** Available data **
▬▬▬

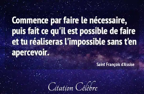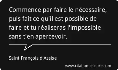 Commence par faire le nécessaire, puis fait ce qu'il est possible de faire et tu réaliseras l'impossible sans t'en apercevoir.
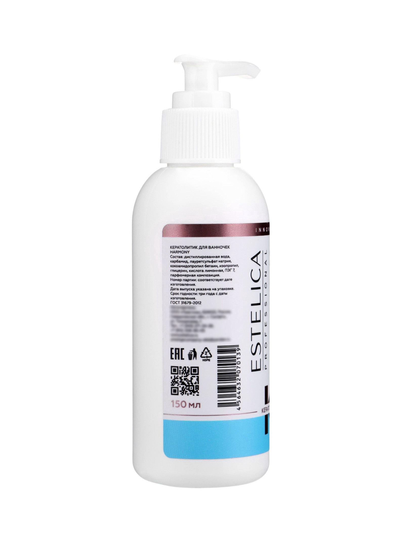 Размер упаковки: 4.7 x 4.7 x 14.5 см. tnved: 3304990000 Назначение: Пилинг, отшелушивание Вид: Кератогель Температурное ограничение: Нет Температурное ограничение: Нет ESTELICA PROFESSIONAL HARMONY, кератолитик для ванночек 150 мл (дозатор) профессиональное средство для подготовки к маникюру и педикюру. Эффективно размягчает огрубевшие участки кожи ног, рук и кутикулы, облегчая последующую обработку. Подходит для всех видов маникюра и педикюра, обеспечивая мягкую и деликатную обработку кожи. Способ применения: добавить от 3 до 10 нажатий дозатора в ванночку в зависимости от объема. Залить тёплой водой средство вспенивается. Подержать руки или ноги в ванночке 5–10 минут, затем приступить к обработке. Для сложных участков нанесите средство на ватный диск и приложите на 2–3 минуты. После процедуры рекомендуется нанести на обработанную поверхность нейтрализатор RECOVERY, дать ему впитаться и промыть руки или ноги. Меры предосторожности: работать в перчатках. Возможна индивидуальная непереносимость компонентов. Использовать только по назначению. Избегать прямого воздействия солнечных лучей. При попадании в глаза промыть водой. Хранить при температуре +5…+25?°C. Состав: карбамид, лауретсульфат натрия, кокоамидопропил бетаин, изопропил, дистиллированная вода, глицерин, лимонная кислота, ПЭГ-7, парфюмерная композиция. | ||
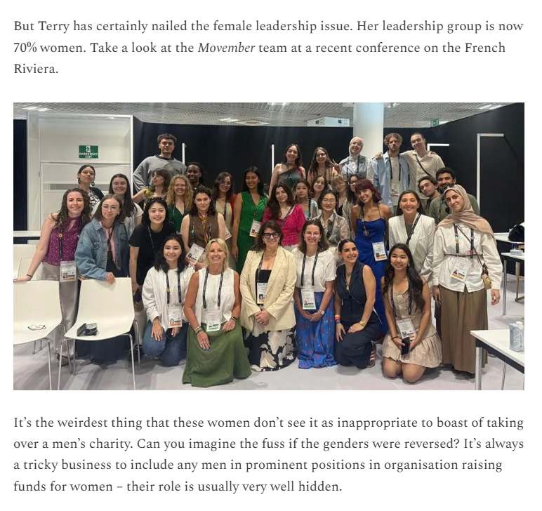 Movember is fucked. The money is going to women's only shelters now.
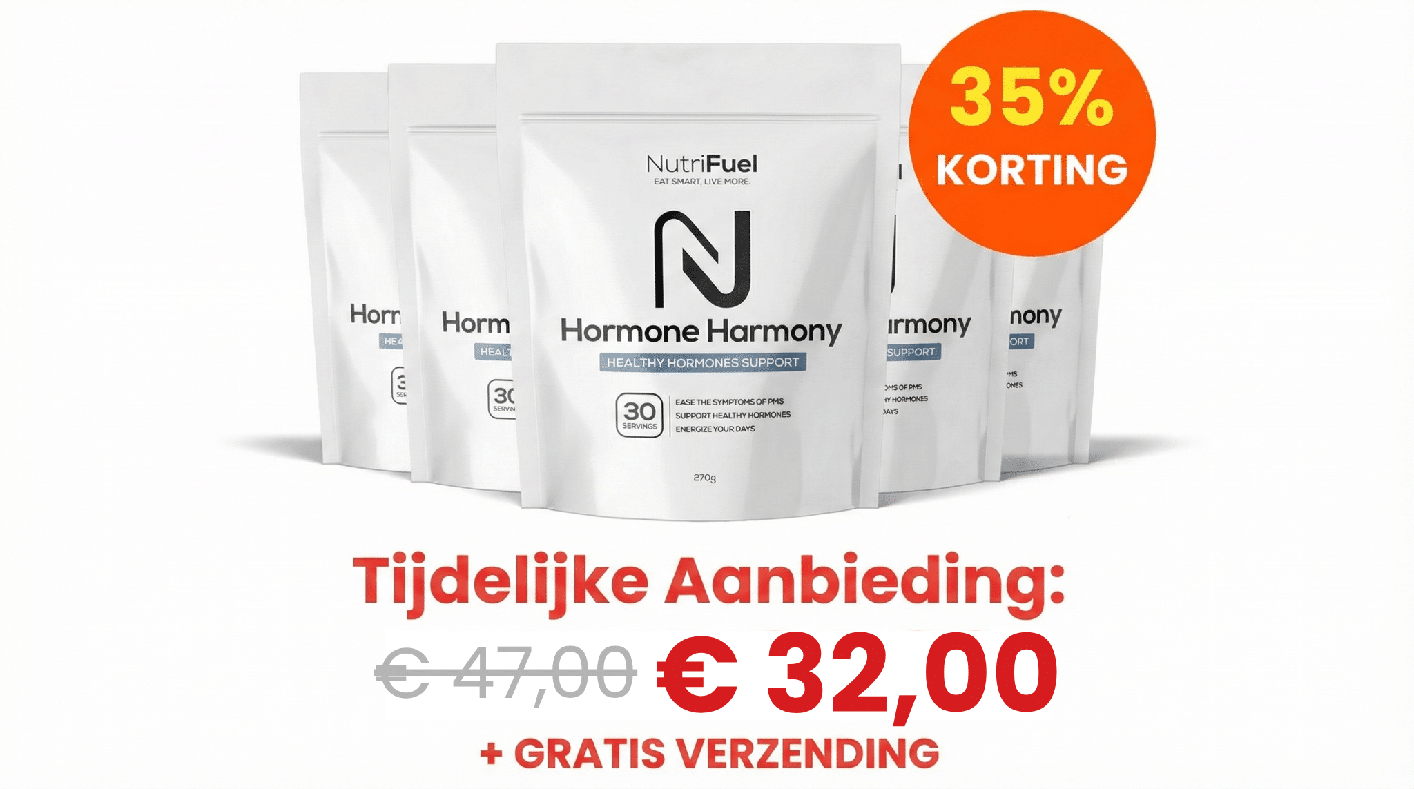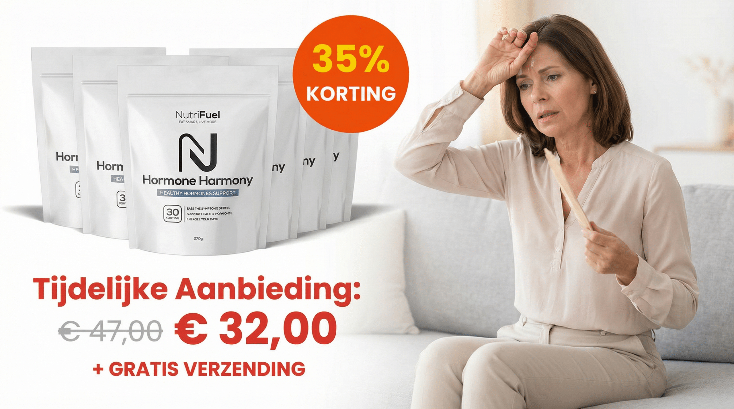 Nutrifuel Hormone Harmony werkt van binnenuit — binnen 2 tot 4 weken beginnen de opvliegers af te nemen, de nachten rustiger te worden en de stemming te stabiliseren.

▬▬▬

** Directions for this task **
Reproduce the whole listing above word for word, dropping each image.

** Exercise answer **
 Commence par faire le nécessaire, puis fait ce qu'il est possible de faire et tu réaliseras l'impossible sans t'en apercevoir.
 Размер упаковки: 4.7 x 4.7 x 14.5 см. tnved: 3304990000 Назначение: Пилинг, отшелушивание Вид: Кератогель Температурное ограничение: Нет Температурное ограничение: Нет ESTELICA PROFESSIONAL HARMONY, кератолитик для ванночек 150 мл (дозатор) профессиональное средство для подготовки к маникюру и педикюру. Эффективно размягчает огрубевшие участки кожи ног, рук и кутикулы, облегчая последующую обработку. Подходит для всех видов маникюра и педикюра, обеспечивая мягкую и деликатную обработку кожи. Способ применения: добавить от 3 до 10 нажатий дозатора в ванночку в зависимости от объема. Залить тёплой водой средство вспенивается. Подержать руки или ноги в ванночке 5–10 минут, затем приступить к обработке. Для сложных участков нанесите средство на ватный диск и приложите на 2–3 минуты. После процедуры рекомендуется нанести на обработанную поверхность нейтрализатор RECOVERY, дать ему впитаться и промыть руки или ноги. Меры предосторожности: работать в перчатках. Возможна индивидуальная непереносимость компонентов. Использовать только по назначению. Избегать прямого воздействия солнечных лучей. При попадании в глаза промыть водой. Хранить при температуре +5…+25?°C. Состав: карбамид, лауретсульфат натрия, кокоамидопропил бетаин, изопропил, дистиллированная вода, глицерин, лимонная кислота, ПЭГ-7, парфюмерная композиция. | ||
 Movember is fucked. The money is going to women's only shelters now.
 Nutrifuel Hormone Harmony werkt van binnenuit — binnen 2 tot 4 weken beginnen de opvliegers af te nemen, de nachten rustiger te worden en de stemming te stabiliseren.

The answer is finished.